Connectivity to Storage Systems
The options for connectivity to the storage systems today are SAS, Infiniband, Fibre Channel and NVMe. All of these connectivity options are limited by PCIe bandwidth, and though that might change in the future, the issues will be the same: How much bandwidth is needed between the host server(s) and the storage system(s).
A decade ago, RAID vendors were having the same discussion when they were talking about front-end bandwidth (server to cache) vs. back-end bandwidth (cache to disk). Most controllers were designed with significantly more front-end bandwidth with the assumption that much of the data accessed would reside in cache. The key word there is “assumption,” and when the data did not reside in cache, some vendors’ performance was pretty bad.
The point is that vendors have long designed hardware based on workflow, but it does not mean that all of this was obvious to everyone ten years ago. The connectivity to the storage system must take into account both the workflow and how that workflow impacts the underlying design of the storage system.
Now we get to the hard part of the equation. Between file systems, volume managers and now object storage systems, how does data get allocated and laid out on the storage systems? For example, if you have a standard POSIX file system, the file system’s allocation policy is first in first out (FIFO). If in one case you have a single application writing say 500 GB in 1 MB chunks sequentially, and if you have enough free space, the file will be allocated with sequential block addresses in the file system.
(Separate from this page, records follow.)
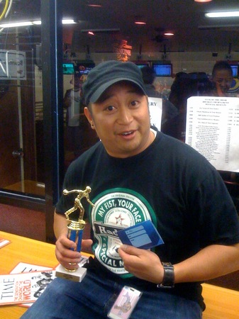 Here’s what went down: “QA’s ‘Third Strikers’ team bowled with style, led by Jordan with his ‘Shoryubowl’ and Marc went with ‘Hadobowl’ technique. There were a bunch of great scores, but producer Rey Jimenez lived up to his team name (‘Godhand’) and took the top score of the day with an incredible 209.”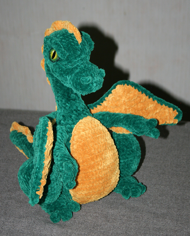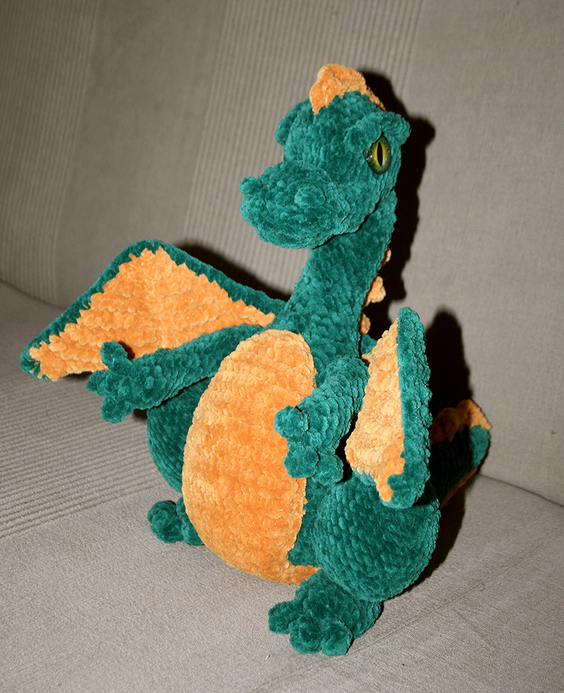 Настоящий дракон, с крыльями, гребнем и хвостом. Под нежной плюшевой шкуркой скрывается стальной каркас и огненное сердце. Старается выглядеть суровым, но в глубине души обожает обнимашки.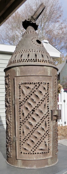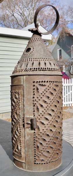 18th - early 19th century punched tin barn lantern. Uncommon diagonal punched designs. Cleated or tabbed through bottom candle cup. Soldered and folded seams. Door latch is on the right side. Lots of soot in the dome. Original carrying/hanging loop handle. 17” hanging height x 5 1/2” dia. base. No issue.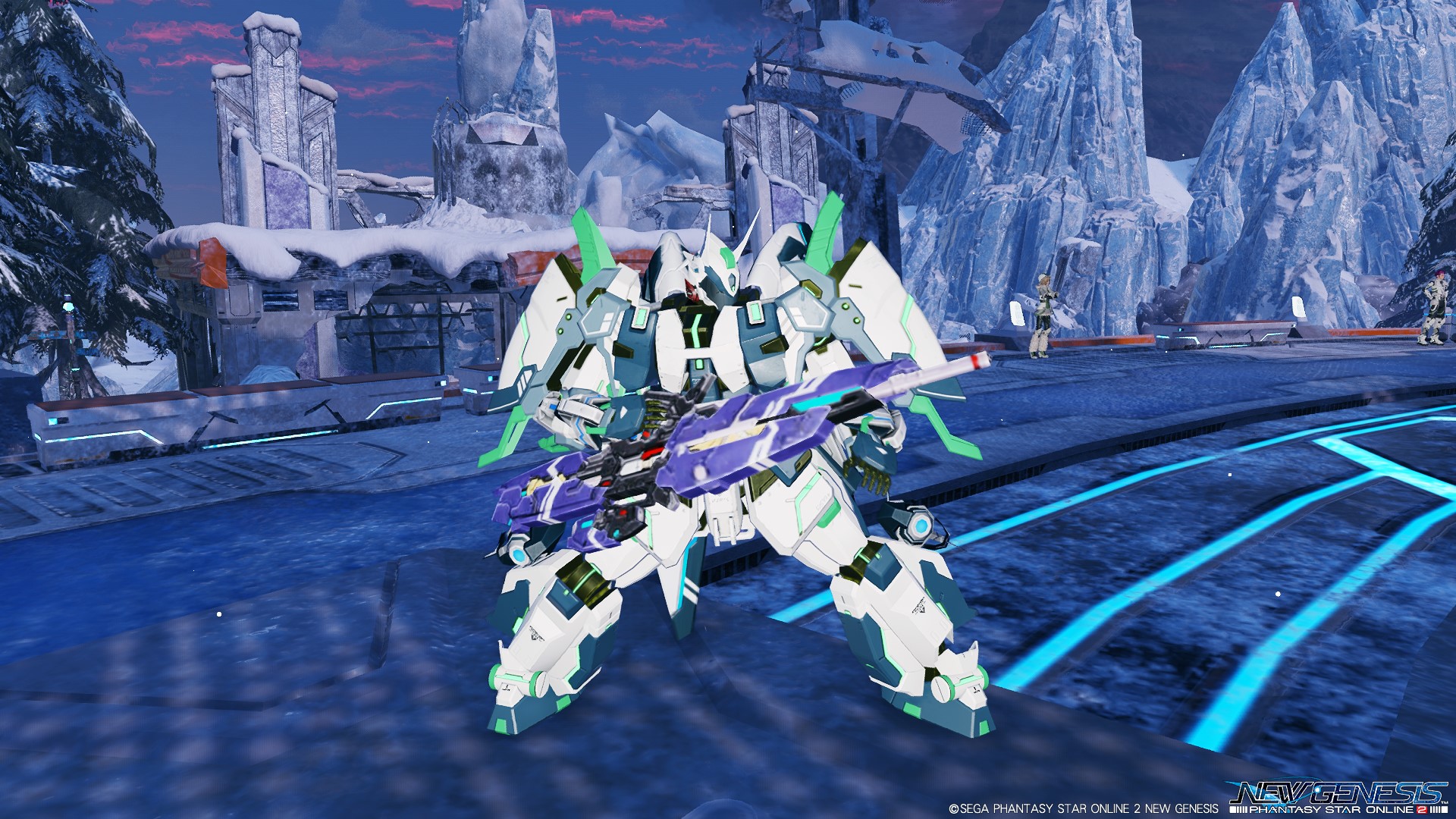 見ての通り「ロボを作る」がテーマです。外見に幾つかパターンがあり、カラーリング的には白を基調としたヘビーフォームのほか(上記画像)、紺を基調にしたライトフォームもあったりします。またガンナーのように身軽さが必要なクラス用にヒューマン形態も別にあり、そちらはいわゆる「イケメンお兄さん」という感じの造形です。

This of course needs to be abstracted to the volume manager and RAID layout, so it won’t be sequential on a disk drive unless the RAID layout is RAID-1, but there are still potential gotchas such as remapped sectors and virtual allocations.
If two applications are writing two different 500 GB files, then it is almost certain that the files will not be sequentially allocated on a disk, given that file systems allocate data based on their allocation policy, which could pre-allocate ahead but certainly not 500 GB. Because the file size is not known a priori by most applications and most file systems do not have a pre-allocation command, allocations between multiple files being open and written at the same time get interspersed with each other.
So just knowing what your application does is not everything; you need to try and understand what the storage system is doing with your application and you also need to know what else is running on the system at the same time, which is a far more complicated task. Understanding what is happening with a single host is difficult, but as storage systems scale out with file systems and object systems that support hundreds if not thousands of client devices and applications, it gets really complex. With a huge number of applications all hitting the storage system at once, most believe that I/O at the device level looks to be random because of the way blocks are allocated by file systems at the device.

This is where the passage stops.